After a 24 hours incubation at 37 °C in a humidified atmosphere of 5% CO₂, in vitro cell viability was determined using the MTT Cell Proliferation Assay Kit (ab211091, Abcam, Cambridge, UK), according to manufacturer’s instructions. Briefly, growth medium was removed from all wells, and 50 µL of growth medium and 50 µL of 3-(4,5-dimethylthiazol-2-yl)-2,5-diphenyltetrazolium bromide (MTT) reagent were added into each well. Cells were then incubated at 37 °C for 3 h, after which 150 µL of MTT solvent was added into each well. Microplates were wrapped in foil and agitated on an orbital shaker for 15 min at room temperature. Cell viability was evaluated using a microplate reader (BGM LABTECH, Ortenberg, Germany) to measure optical density at a wavelength of 584 nm. Growth medium without cells was set as the blank control. Cell viability was expressed as a percentage relative to the untreated control (growth medium plus HEKa cells), which was set as being 100% viable.
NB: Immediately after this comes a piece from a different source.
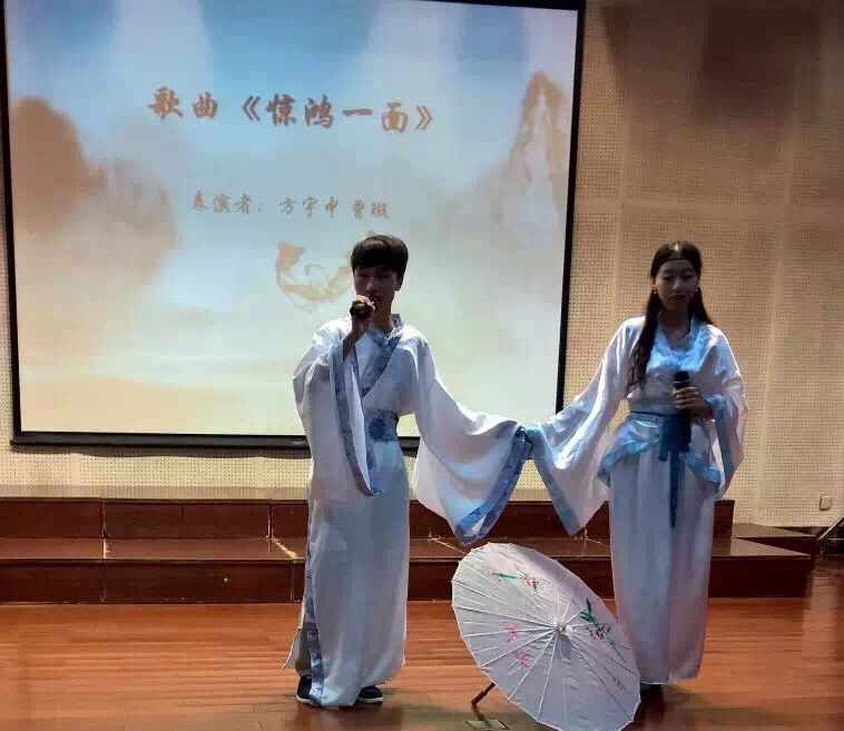 晚会节目全由16级新生自编自演,以多样文化交流为旨。当晚表演的同学精彩地演绎了一首又一首的经典名曲和流行歌曲,让全场观众感受到了演唱者们那一份激情,引发了现场接连不断的小高潮。经典粤剧《客途秋恨》选段和现代流行歌曲《默》完美结合,表现了汉硕学子既拿捏得了经典旋律,也把握得住流行的节奏;《惊鸿一面》节目中男女深情对唱表现了江南古典美;中英俄德法日韩西泰九国语言串唱流行歌曲《If You》,引得全场阵阵欢呼声,展现了同学们优秀的语言才华;粤语歌《喜欢你》和《红日》联唱同样表现不俗。诗歌是音乐演唱的另一种方式。在婉转悠扬的轻音乐伴随下,学硕学生用各自方言朗诵了现代诗《雨巷》,耳目一新,别具一番趣味。

Assays were performed in triplicate.

4.5. Statistical Analysis

Statistical analysis was performed using the GraphPad Prism 5 Software for Windows. For storage assays, differences between delivery systems were evaluated using the t-test. Differences between storage temperatures were determined by analysis of variance using the one-way ANOVA followed by Tukey’s post-test. Finally, the influence of storage duration on nisin’s activity was analyzed using linear regression.

For cytotoxicity assays, the cell viability values presented by the suspensions under study were evaluated by analysis of variance using the one-way ANOVA followed by Dunnett’s post-test. A two-tailed p ≤ 0.05 was considered to be statistically significant in all the applied tests.

5. Conclusions

The nisin biogel demonstrated antimicrobial activity against S. aureus DFI isolates that are maintained after long-term storage at different temperatures. Furthermore, this nisin-biogel exhibited low cytotoxic activity towards human epidermal keratinocytes, either in fresh preparations or after long term storage. These results highlight the safety and stability of the antimicrobial nisin-biogel, supporting its potential use as a new topical complementary or alternative therapeutic approach in managing chronic DFIs.